■ **Exercise goal**:
Quote word for word the lines below, beginning with the first and ending with the one that has "e ocasiões especiais". Drop the pictures.

■ **Supplied records**:
__________________________________________________
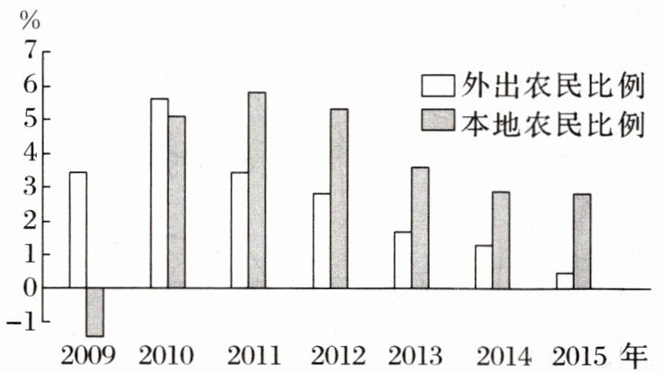 下图为2009—2015年我国农民工流动状况统计图。读图,完成7~8题。
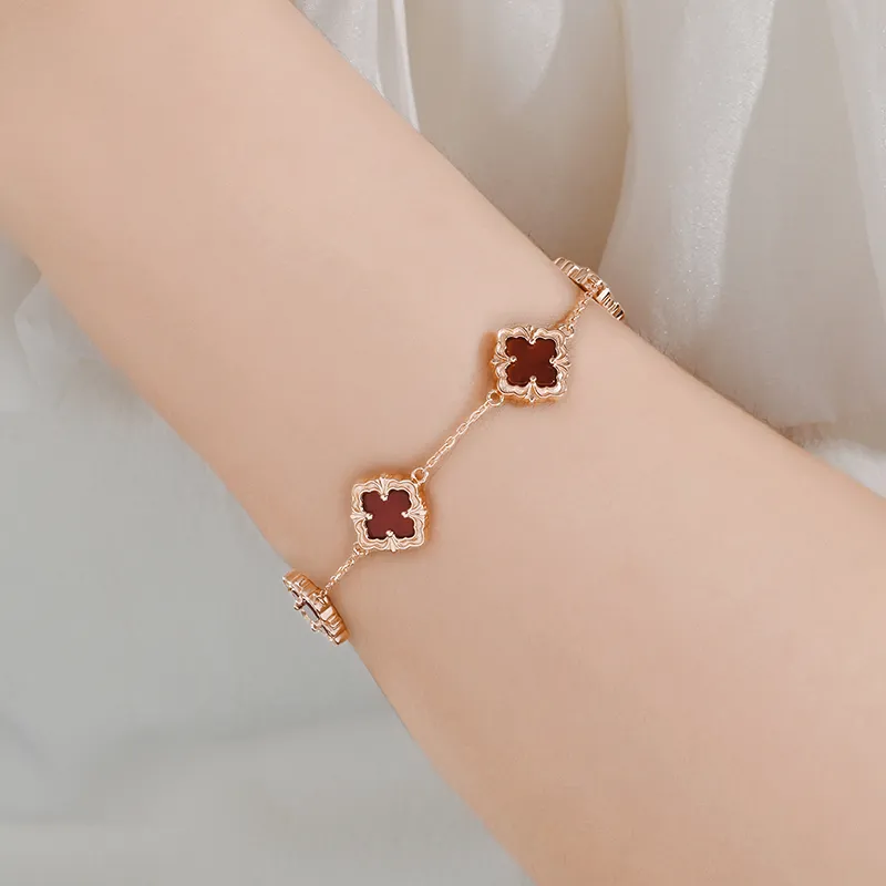 Стиль:Браслет с четырехлистным клевером, одиночный, цепь, позолоченный медный
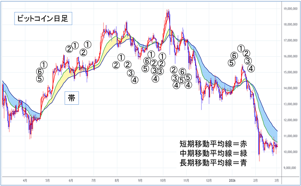 価格および短期移動平均線が帯の上にいるのが買い時代、帯の下にいるのが売り時代を表します。
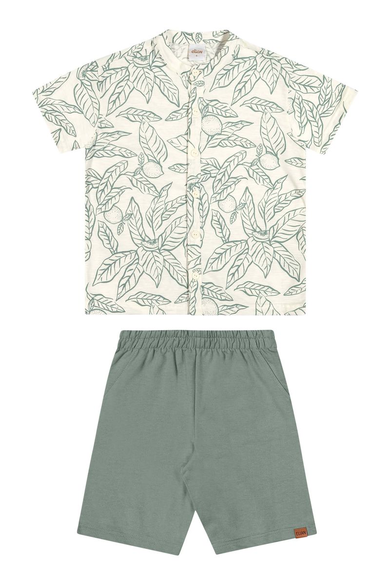 • Conjunto composto por camisa e bermuda • Feito em malha flamê e moletinho • Possui gola padre • Fechamento em botões • Estampa com a temática natureza • Elástico no cós • Ideal para festas, passeios e ocasiões especiais
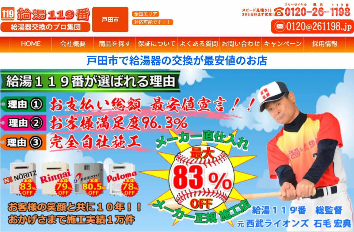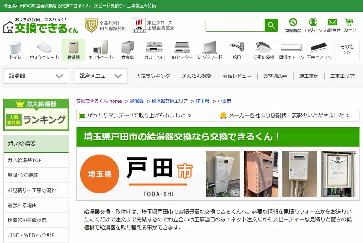 2025年5月にガス給湯器174機種の価格を平均17,035円値下げしており、交渉なしでの低価格を強みとしています。
__________________________________________________
■ **Exercise response**:
 下图为2009—2015年我国农民工流动状况统计图。读图,完成7~8题。
 Стиль:Браслет с четырехлистным клевером, одиночный, цепь, позолоченный медный
 価格および短期移動平均線が帯の上にいるのが買い時代、帯の下にいるのが売り時代を表します。
 • Conjunto composto por camisa e bermuda • Feito em malha flamê e moletinho • Possui gola padre • Fechamento em botões • Estampa com a temática natureza • Elástico no cós • Ideal para festas, passeios e ocasiões especiais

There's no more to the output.